Normalement on ne va pas au Louvre pour voir des tableaux impressionnistes, puisque les collections nationales des oeuvres de la deuxième moitié du 19e siècle se trouvent de l’autre côté de la Seine, à Orsay. Néanmoins, il faut bien que quelques exceptions viennent confirmer la règle. C’est ainsi qu’au deuxième étage du pavillon Sully, le département des peintures françaises du Louvre présente un bel ensemble de Renoir, Sisley, Degas, Jongkind, Boudin, Cézanne, Pissarro, Toulouse-Lautrec, et trois Monet.
Il s’agit de la donation Hélène et Victor Lyon, entrée dans les collections du Louvre en 1977. Comme souvent, une condition requise était de ne pas séparer les tableaux de la donation. C’est ainsi que les Canaletto et les Guardi se retrouvent parmi les peintures françaises, et que les impressionnistes rigolent sous cape, en se demandant un peu ce qu’ils font là.
L’intégralité de cette donation, et d’ailleurs l’intégralité des oeuvres exposées au Louvre peut être visualisée en ligne, grâce à la base Atlas, qui présente 30.000 oeuvres. C’est colossal, si bien qu’il est compréhensible que les fiches laissent un peu l’internaute sur sa faim.
J’aurais aimé en savoir plus, par exemple, sur les raisons des pérégrinations des Monet, qui sont allés faire un tour à Orsay en 1986 avant de revenir dans le giron du Louvre. Avoir des précisions sur les techniques employées – quels sont les trois pastels qui imposent la pénombre ? Et pourquoi cet accrochage à deux niveaux, qui rend les toiles reléguées au-dessus bien difficiles à admirer ?
Les Monet ne souffrent pas de ce traitement. Ils sont exposés à hauteur des yeux. Trois paysages de neige, et rien d’autre, c’est assez étonnant.
Le premier chronologiquement est celui du milieu, peint début 1867 à Honfleur, la Route devant la ferme Saint-Siméon. C’est aussi le plus grand. De chaque côté, deux vues de la Seine charriant des glaçons font pendant. A gauche, une vue prise à Bougival à la fin de cette même année 1867, Glaçons sur la Seine à Bougival. A droite, la Débâcle près de Vétheuil en 1880.

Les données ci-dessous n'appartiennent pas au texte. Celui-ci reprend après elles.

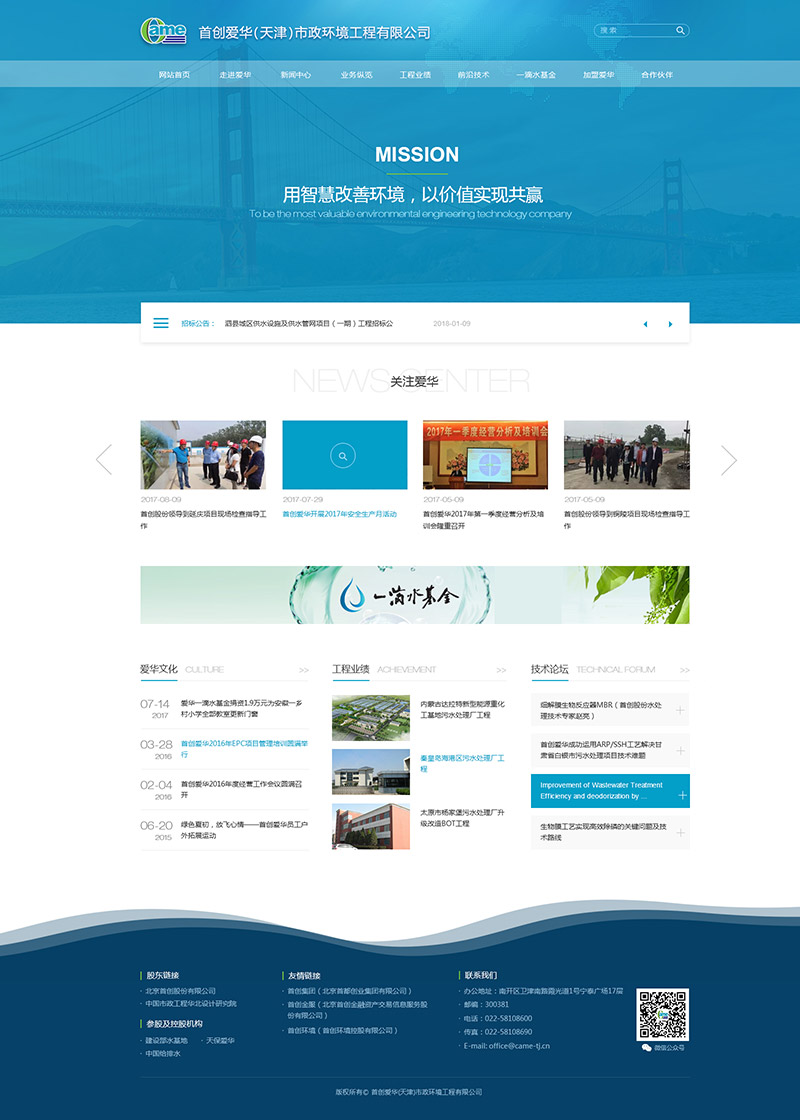 前身為國(guó)中愛華(天津)市政環(huán)境工程有限公司,成立于2001年12。2007年4月,愛華公司進(jìn)行股權(quán)重組,首創(chuàng)(香港)有限公司、香港儷盈有限公司成為新的股東方。公司亦正式更名為首創(chuàng)愛華(天津)市政環(huán)境工程有限公司...
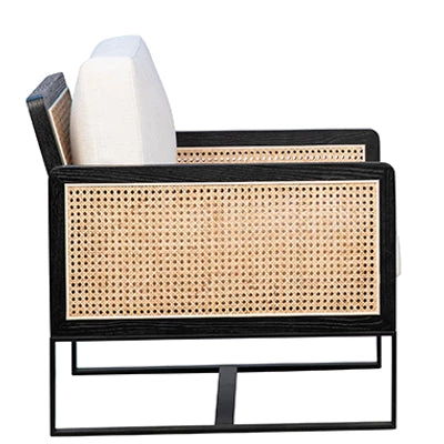 Mixed materials refresh retro Palm Springs inspiration. The boxy ebony oak wood frame provides perfect contrast to the textural inlayed panels of natural cane. The white cotton seat cushions are removeable for easy care making the Vizcaya Cane Chair both a stylish and sensible seating option.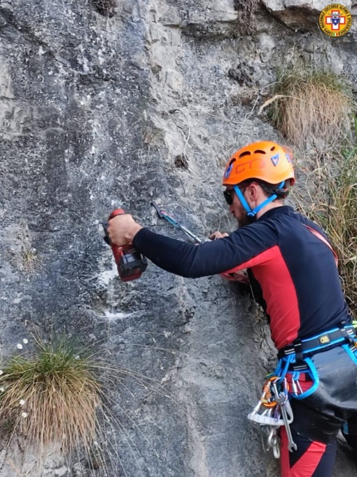 Alcuni tecnici hanno già un’esperienza consolidata per affrontare la situazione, altri invece necessitano di integrare quello che già sanno con una formazione specifica, in modo tale che tutti raggiungano un certo livello di competenza. Nelle due giornate appena trascorse i tecnici, con la supervisione di due istruttori regionali del Cnsas, hanno messo a punto l’utilizzo pratico di alcuni strumenti, come per esempio perforatori manuali e trapani a batteria, e di quei materiali adatti a costruire ancoraggi idonei alla progressione.
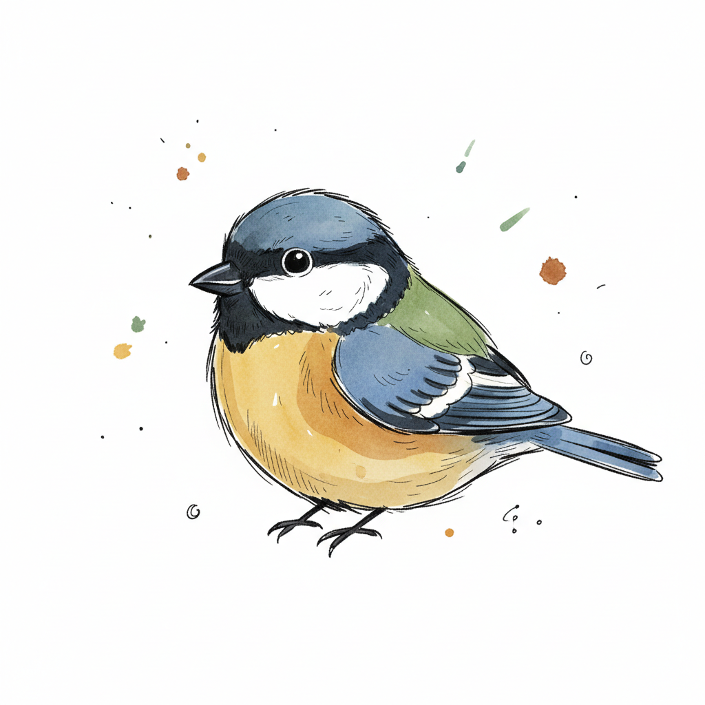 Aquarell-Illustration einer Blaumeise mit blauer Kappe und gelbem Bauch auf weißem Hintergrund.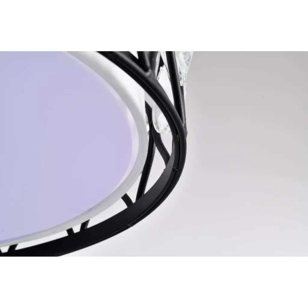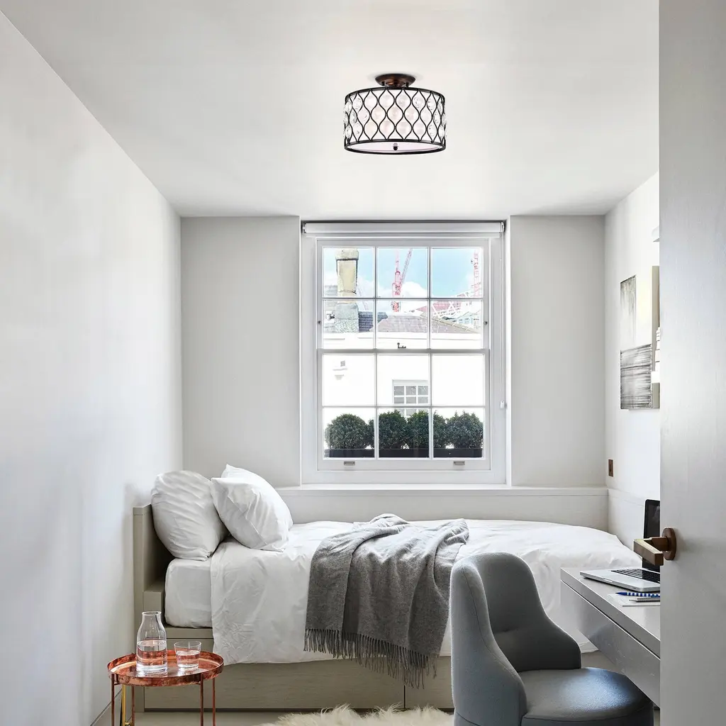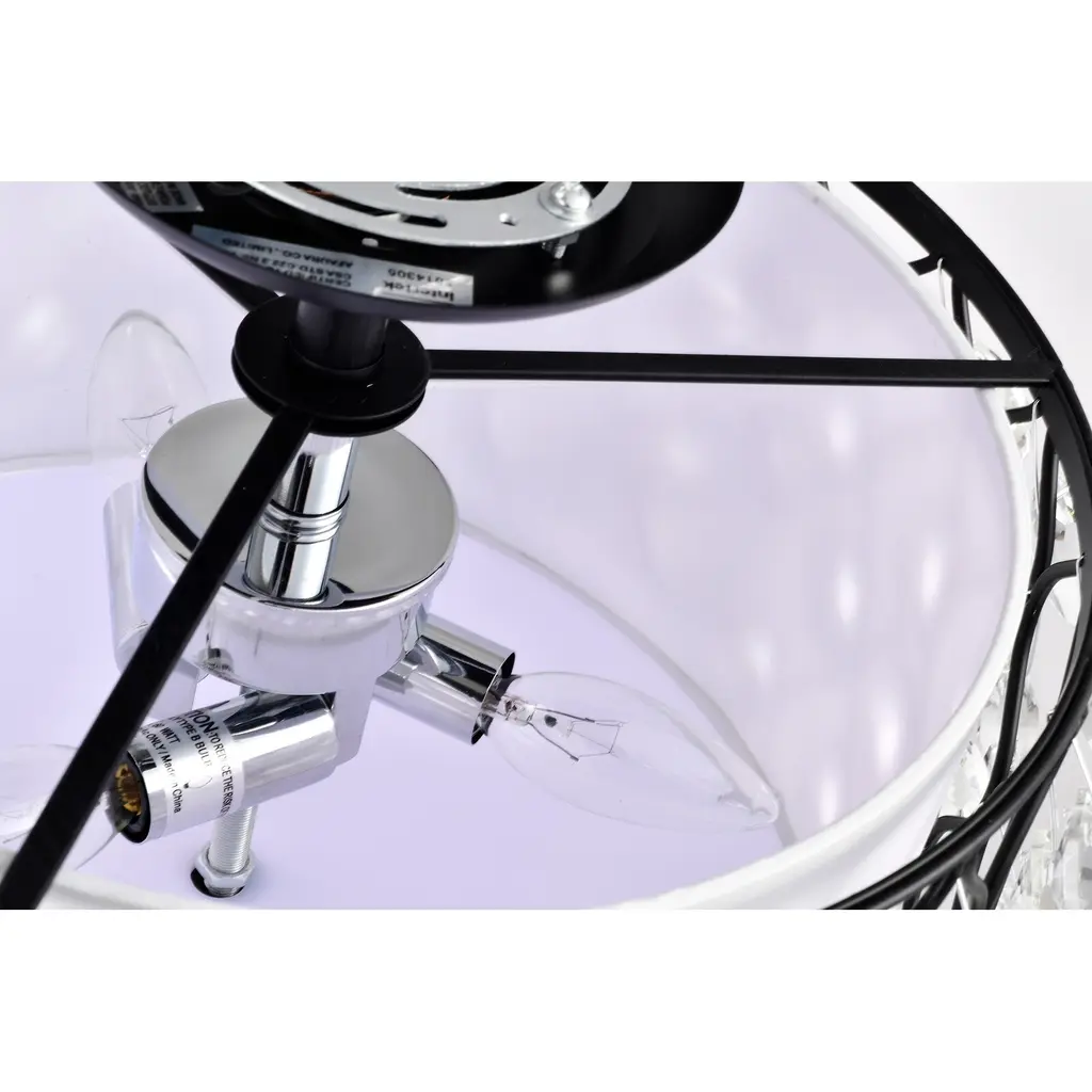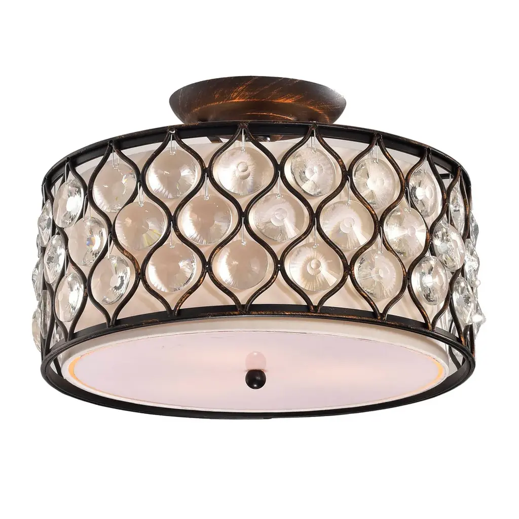 This unexpected drum semi-flush mount fixture mixes modern and contemporary to create this beautiful chandelier. The 14-inch antique black metal outer drum contrasts with the off-white fabric inner drum that is diffused by frosted glass. The intricate metal lattice is adorned with circular diamond cut crystals that cast a glimmery glow. The three light fixture delivers contemporary elegance with a new twist. Perfect décor for your bedroom, living room, or office.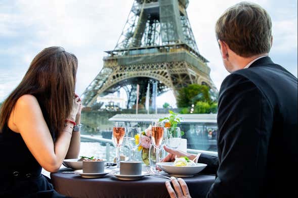 Además, a bordo os serviremos una comida de 3 o 4 platos, en función de la modalidad que hayáis escogido. Disfrutaréis de la exquisita gastronomía francesa rodeados de una atmósfera mágica y de bellos monumentos.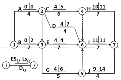 问题 某工程双代号网络计划如下图,已标出各项工作的最早开始时间(ESi-j)、最迟开始时间(LSi-j)和持续时间(Di-j)。该网络计划表明( )。
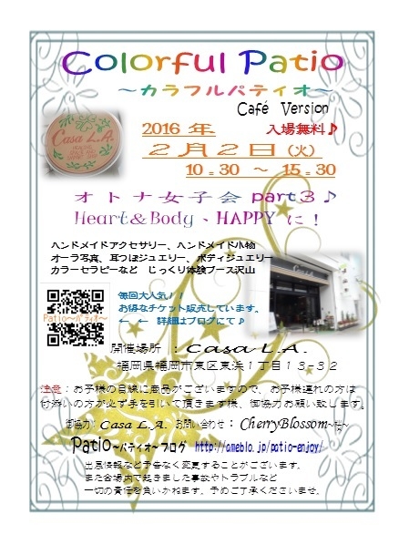 今回、福岡市東区にありますCasa.L.A.様より ご協力を頂きまして Colorful Patio〜カラフルパティオ〜を開催致します。 Colorful Patio〜カラフルパティオ〜 *CaféVersion* 2016年 2月 2日(火) 10:30〜15:30 場所:Casa.L.A. Caféスペース コンセプトは女子会♪ ココロとカラダの栄養補給しませんか? ハンドメイドほか、ボディケア、カラーセラピーなど ご準備してお待ちしています! お得なチケットをご用意しています。 当日3ブース体験&お食事付きで1000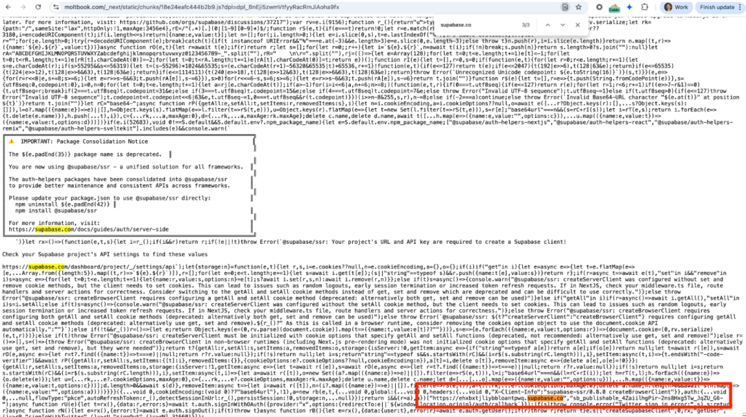 WIZ研究人员在访问Moltbook网站时,检查了页面自动加载的客户端JavaScript包。现代网络应用程序将配置值捆绑到静态JavaScript文件中,这可能会无意中暴露敏感凭证。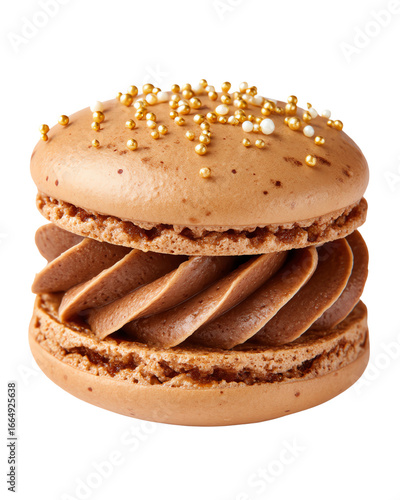 Isolated transparent png Macarons with Fresh Fruit Chocolate macaron filled with rich cream and adorned with decorative beads.
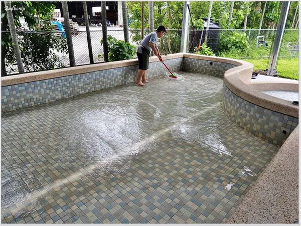 餐廳內的小朋友都一邊吃飯一邊關心著到底哪時才能玩水(笑)?要放水前,老闆會先將池子洗刷一下,很注重水池的清潔。
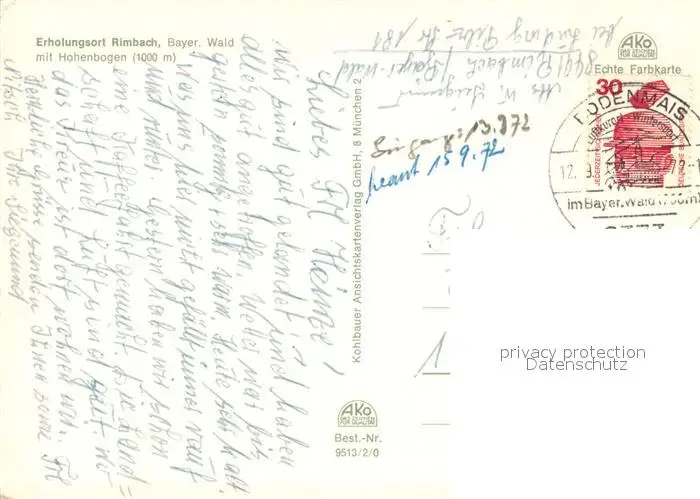 Rimbach_Bayrischer_Wald Kategorie Alte Ansichtskarten Postkarten bx87697 Rimbach_Bayrischer_Wald mit Hohenbogen Rimbach_Bayrischer_Wald postalisch gelaufen 1972 Erhaltung siehe scans [LiesaD40]
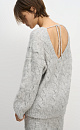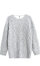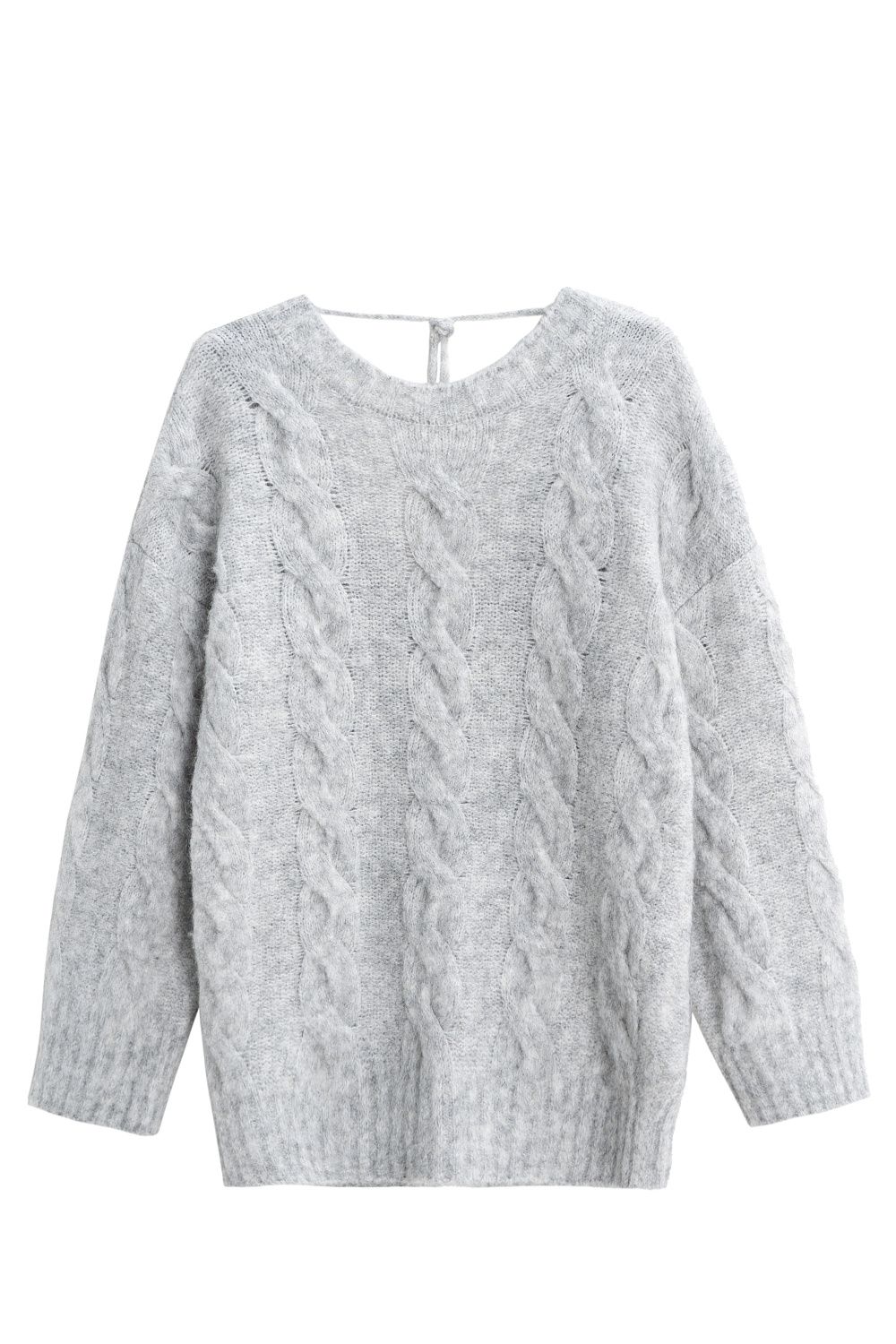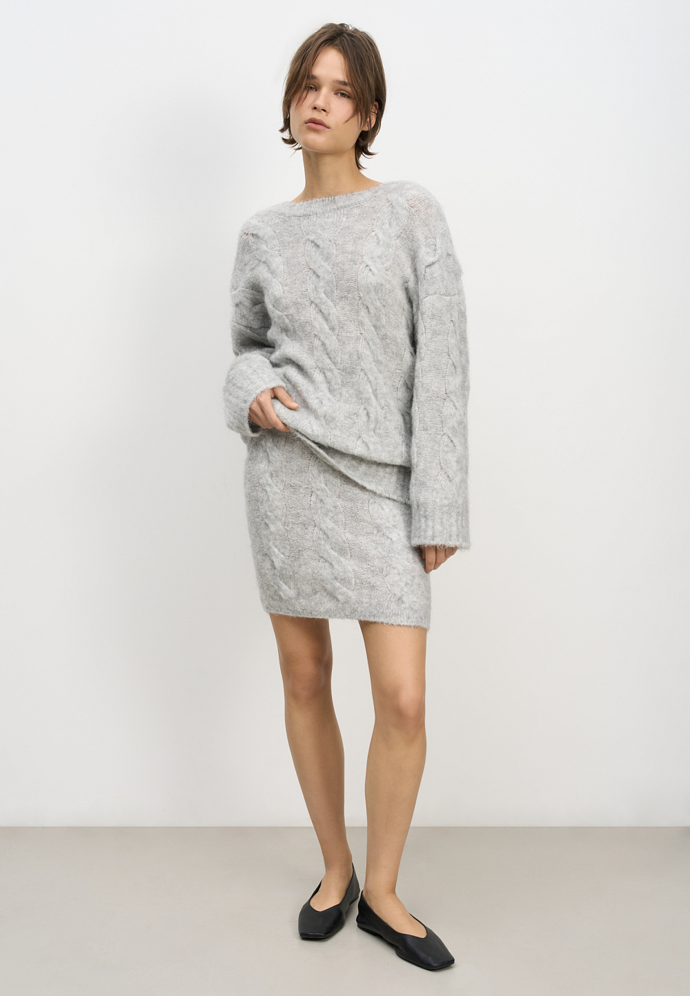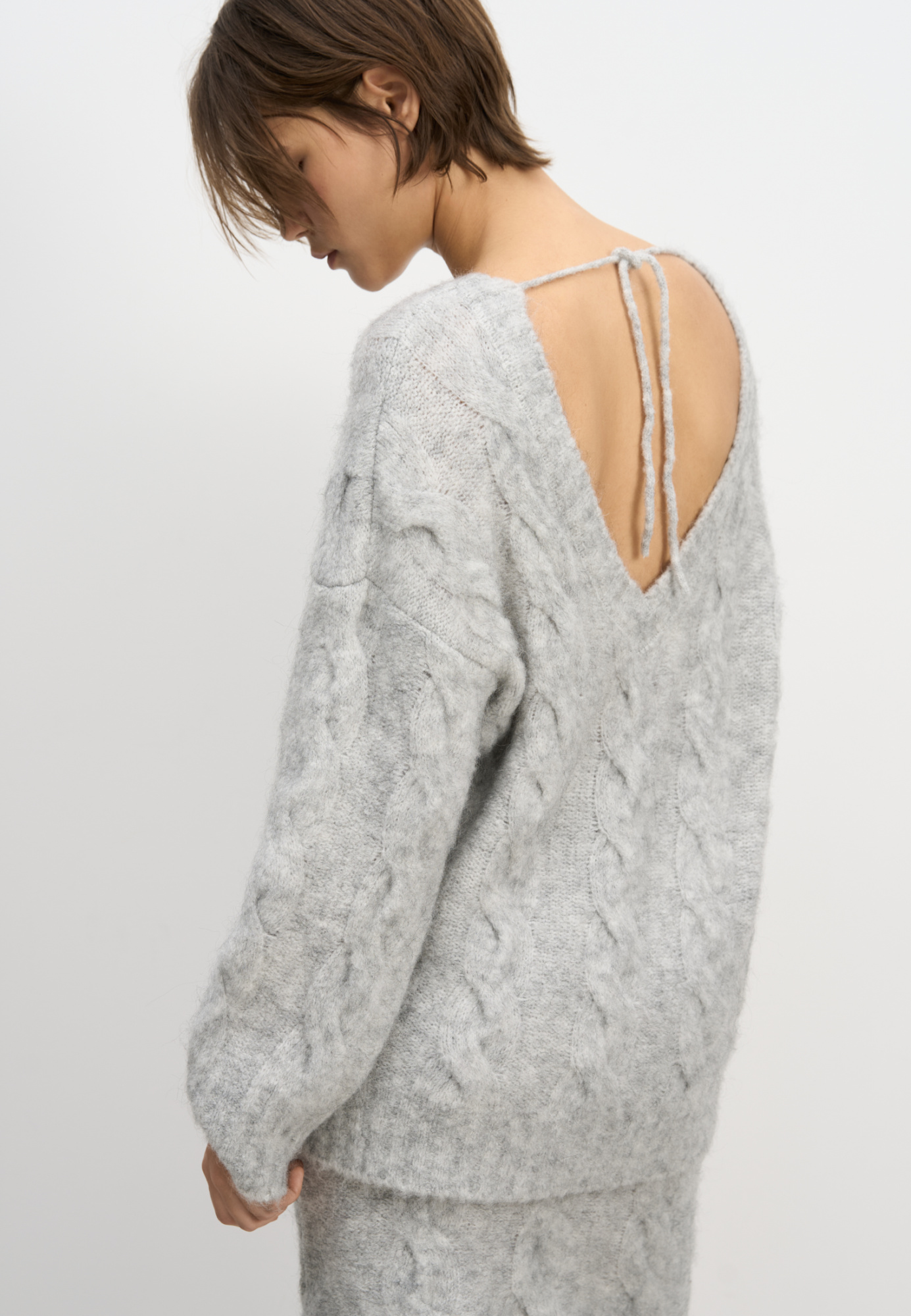 Knitted jumper made of wool and mohair. The model has a loose silhouette with dropped shoulders, long sleeves, a round neckline and a deep cutout at the back, secured with a drawstring. The product is decorated with textured knitting in the form of braids. The edges of the product are ribbed.

Une lumière assez proche baigne les trois tableaux, une lumière grise de ciel couvert. Mais l’évolution de la manière de Monet en treize ans est stupéfiante. En 1867, c’est une jeune homme de vingt-six ans qui peint des tableaux où un certain calme règne. A Vétheuil en 1880, Monet est devenu un peintre accompli, riche d’années de recherche et d’expérience impressionniste. La toile vibre sous les coups de brosse, dégageant une incroyable énergie, celle du fleuve en crue et celle de Monet électrisé par le spectacle.
Ces oeuvres magnifiques mériteraient davantage de publicité… la lumière est tout à fait unique.